As part of the solution I had to create two tables. The First table is called CrosstabXRef
. The structure of this table is given below:
Table Name: CrosstabXRef
S. No | Column Name | Data type | Primary Key | Is Null |
1 | SvcProvider | char (10) | YES (Unique Index) | NO |
2 | RecGeneratedDate | datetime | NO | NO |
3 | Period48 | uniqueidentifier | NO | YES |
4 | Period47 | uniqueidentifier | NO | YES |
5 | Period46 | uniqueidentifier | NO | YES |
6 | … | uniqueidentifier | NO | YES |
7 | … | uniqueidentifier | NO | YES |
8 | … | uniqueidentifier | NO | YES |
9 | Period02 | uniqueidentifier | NO | YES |
10 | Period01 | uniqueidentifier | NO | YES |
Note the data type of the columns (Period48, Period47, Period46, ..., Period02, Period01). All these columns are of type uniqueidentifier
that will hold a unique value which maps to a record in the table CrosstabLookup
given below.
Table Name: CrosstabLookup
S. No | Column Name | Data type | Primary Key | Is Null |
1 | PeriodIdentifier | uniqueidentifier | YES | NO |
2 | Advance | numeric | NO | YES |
3 | Paid | numeric | NO | YES |
4 | Received | numeric | NO | YES |
5 | Adjustment | numeric | NO | YES |
6 | Balance | numeric | NO | YES |
So, how are these two tables related? The answer is on the data type of the Period##
columns that are there in these two tables. If you have guessed it correctly, yes the GUID
value that is returned as part of the =NEWID ()
method is stored as data values of these uniqueidentifier
data typed columns.
When a record is present as part of the "Claims" payment and adjustment selection of a given "Period" and "Service Provider" an entry will be made into this CrosstabLookup
table. And this process will be continued for the selected "48" months window. If there is no activity for a particular "Svc Provider" for a specific "Period" then no record will be inserted into this lookup table. But that situation is unlikely to happen as Advance is paid to the "Svc Provider" every month.

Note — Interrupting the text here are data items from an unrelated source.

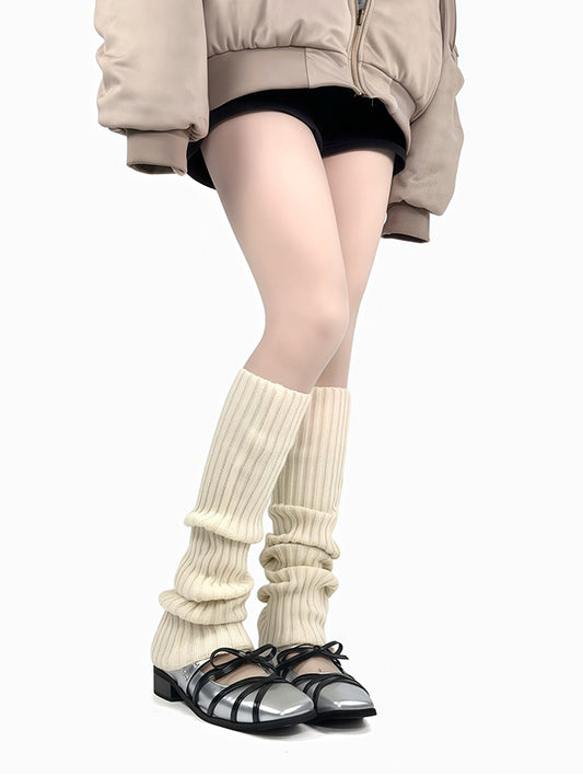 Milk White/Grey/Coffee/Black Split Knitted Leg Warmers
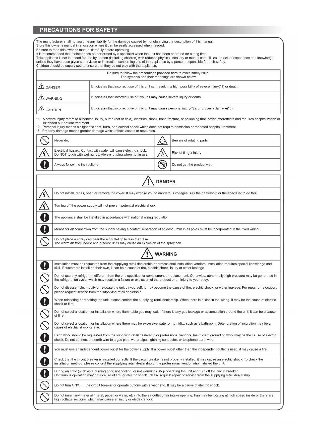 The manufacturer shall not assume any liability for the damage caused by not observing the description of this manual.Store this owner’s manual in a location where it can be easily accessed when needed.Be sure to read this owner’s manual carefully before operating.It is recommended that maintenance be performed by a specialist when the unit has been operated for a long time. This appliance is not intended for use by person (including children) with reduced physical, sensory or mental capabilities, or lack of experience and knowledge, unless they have been given supervision or instruction concerning use of the appliance by a person responsible for their safety. Children should be supervised to ensure that they do not play with the appliance.Be sure to follow the precautions provided here to avoid safety risks.The symbols and their meanings are shown below. 0 DANGER It indicates that incorrect use of this unit can result in a high possibility of severe injury(*1) or death. 0 WARNING It indicates that incorrect use of this unit may cause severe injury or death. 0 CAUTION It indicates that incorrect use of this unit may cause personal injury(*2), or property damage(*3). *1: A severe injury refers to blindness, injury, burns (hot or cold), electrical shock, bone fracture, or poisoning that leaves aftereffects and requires hospitalization or extended out-patient treatment. *2: Personal injury means a slight accident, burn, or electrical shock which does not require admission or repeated hospital treatment. *3: Property damage means greater damage which affects assets or resources. Never do. Beware of rotating parts Electrical hazard. Contact with water will cause electric shock.Do NOT touch with wet hands. Always unplug when not in use. Risk of fi nger injury Always follow the instructions Do not get the product wet
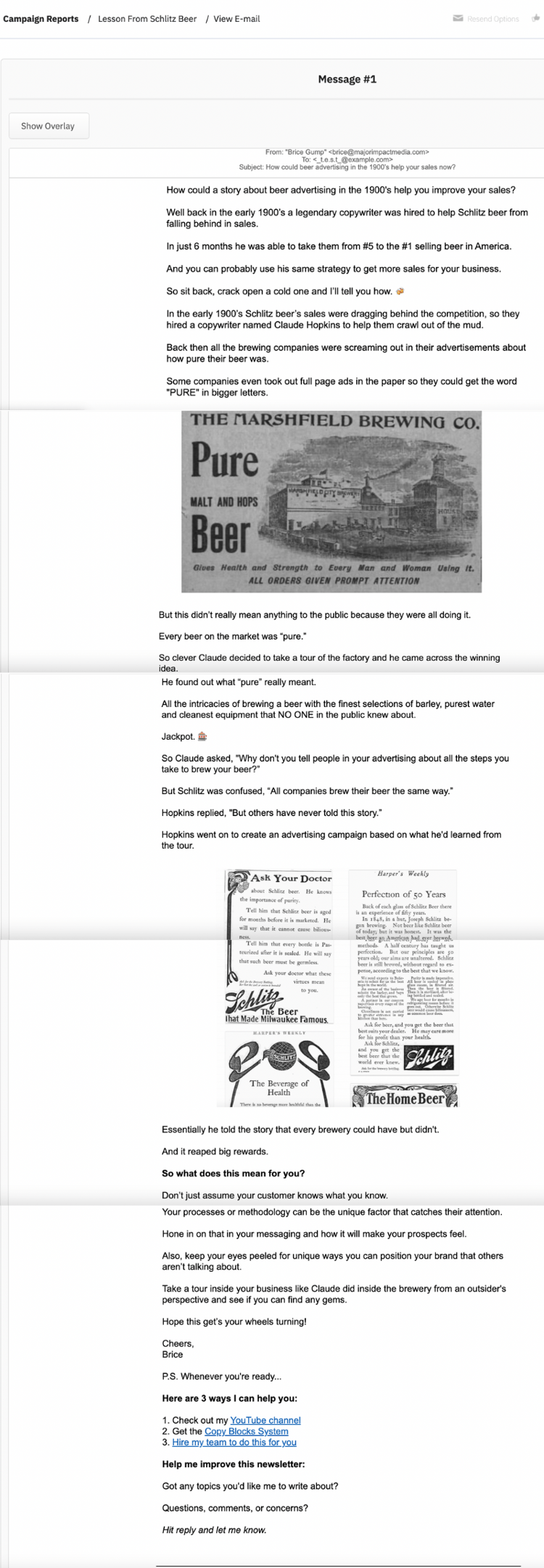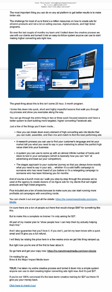 I was responsible for writing, crafting and sending out weekly emails to our email list to nurture our audience, keep them engaged, and help turn them into clients at the agency. With over 100 emails written, I honed my copywriting skills while providing valuable content through story-based emails or emails centered around our new content. Additionally, I sent out emails about our internal marketing promotions and direct response emails to encourage our list to work with us at the agency. I was able to successfully engage our email list, build more authority, and drive conversions for the agency.
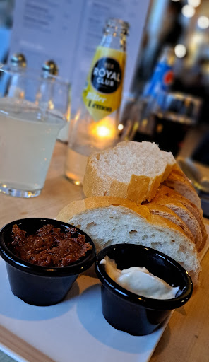 De drankjes worden snel opgenomen en de bediening in studenten leeftijd is enthousiast en spraakzaam. We starten met een broodplankje met smeersels.
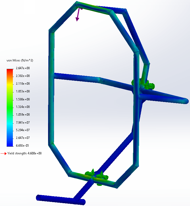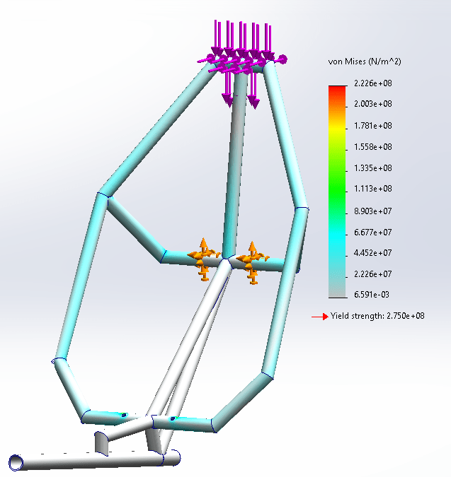 In the caption of the simulated vertical force test, I noted that there was a simulation error in the static simulation. The maximum stress displayed by the legend is 2.23*108 N/m2, much larger than the 1.34*108 N/m2. However, the the error can be found by examining the simulation’s symmetry. The applied nearly vertical force has no horizontal component and the frame was designed to be symmetrical. Therefore, the stress distribution should be symmetrical. The peak stress was measured at the right side triple junction of the rollover protection bar and its support. Since nothing close to the peak stress was measured on the equivalent part of the left side, I concluded that the peak stress was fictional.
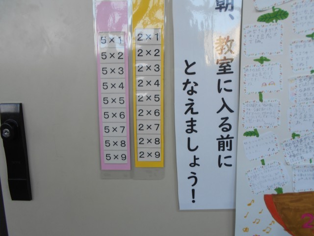 「かけ算を唱えてから教室へ入りましょう」の掲示を見つけました。しっかりとかけ算の仕組みを理解し、覚えられるといいですね。

So in a nutshell, the data in the database will look as depicted in the diagram below:
For achieving this, I have to create two DB Objects, one Stored procedure to construct the above mentioned two tables and one function to return the data stored in the CrosstabLookup
based on the uniqueidentifier
and an Index.
The SQL code block is the Stored Procedure that I have created which will load the data into CrosstabLookup
and CrosstabXRef
. The name of this stored procedure is spProcessClaimsCrosstabMaping
.
CREATE PROCEDURE dbo.spProcessClaimsCrosstabMaping
AS
SET CONCAT_NULL_YIELDS_NULL OFF
Declare @SvcProv varchar(10)
Declare @Advance numeric
Declare @PaidAmt numeric
Declare @RecAmt numeric
Declare @AdjAmt numeric
Declare @GUID uniqueidentifier
Declare @DynamicSQL varchar(3000)
Declare @ProcessPeriod numeric
Declare @YearPart Varchar(4)
Declare @MonthPart Varchar(2)
Declare @CharYear Varchar(6)
Declare @StartDate datetime
Declare @EndDate datetime
DECLARE SvcProvCursor CURSOR READ_ONLY
FOR
Select distinct ServiceProvider from tblClaims
OPEN SvcProvCursor
FETCH NEXT FROM SvcProvCursor INTO @SvcProv
WHILE @@FETCH_STATUS = 0
BEGIN
SET @EndDate = GETDATE()
SET @StartDate = DATEADD(mm,-12, @EndDate)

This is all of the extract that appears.